The first objective lens 60 is displaced in an arc after being tilted so as to retract from the movement trajectory of the objective lens 60, and after the first objective lens 60 escapes, the second objective lens as shown in FIG. 15 (C). The 57 is returned so that it faces the front.

The interlocking mechanism in the present invention is not limited to the one that is driven by the photographing optical system as in the embodiment, but may be the one that drives the photographing optical system.

[Advantageous Effects] According to the finder optical system magnification switching device of the present invention,
The switching mechanism for the photographic optical system and the viewfinder optical system are linked and linked with only one transmission shaft, so the structure is extremely simple, does not require space, and has no operational resistance, and is compact. The camera can have a long-lasting power supply.

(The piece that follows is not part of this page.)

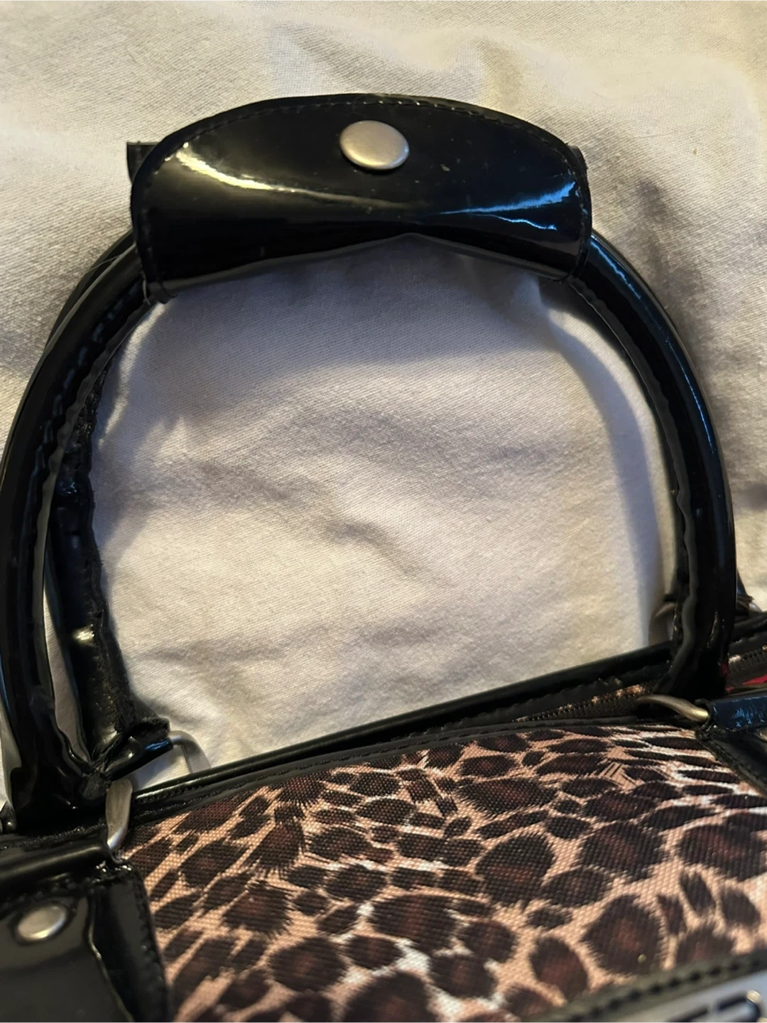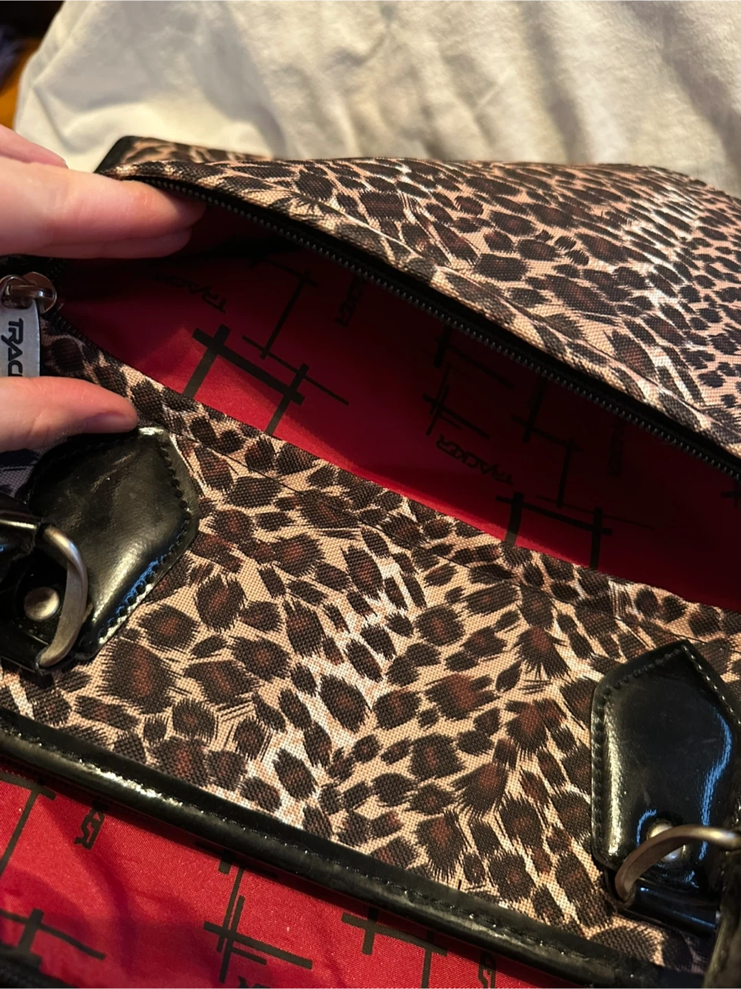 Never used Tracker bag in leopard print. It has a nice red interior and a ton of pockets. It’s actually crazy how many pockets this bag has lol

[Brief description of drawings]

1 to 14 show an embodiment of the present invention. FIG. 1 is a vertical sectional view of a camera, FIG. 2 is a horizontal sectional view of a camera, and FIG.
FIG. 4 is a perspective view of the internal mechanism of the camera, FIG. 4 is a perspective view of the photographing optical system switching mechanism, FIG. 5 is a cross-sectional view of essential parts, FIG. 6 is a cam line diagram, and FIG. FIG. 8 is a diagram showing the relationship between the switching states of the photographing optical system and the finder optical system, FIG. 8 is a motor control circuit diagram for driving the optical system, FIG. 9 is a logic circuit diagram for controlling the operation of the motor control circuit, and FIG. Is a plan view of the viewfinder optical system switching mechanism in the telephoto state, FIGS. 11 and 12 are plan views of the same intermediate state, FIG. 13 is a plan view of the same wide-angle state, and FIG. 14 is a viewfinder optical system switching state. FIG. 15 is an explanatory diagram showing a switching state of the finder optical system of another embodiment. 1 ... Camera body, 1a ... Finder housing 3 ... Main optical system, 4 ... Sub optical system 10 ... Base plate, 12 ... Motor 26 ... Cam gear, 27 ... Driving member 51 ... Rack, 53 …… Cam plate 55 …… Switching drive member, 56 …… First objective lens 57 …… Second objective lens

Claims (1)

[Claims] 1. A focal length switchable camera having a photographing optical system capable of moving straight in the optical axis direction for switching focal lengths and adjusting focus at each focal length, and a viewfinder optical system capable of switching magnification. The finder optical system is driven by rotation of a first rotating member that rotates in association with the straight movement of the photographing optical system via a single transmission shaft, and rotation of a second rotating member that is coaxial with the first rotating member. Finder magnification switching device comprising a finder optical system drive mechanism for converting the magnification of.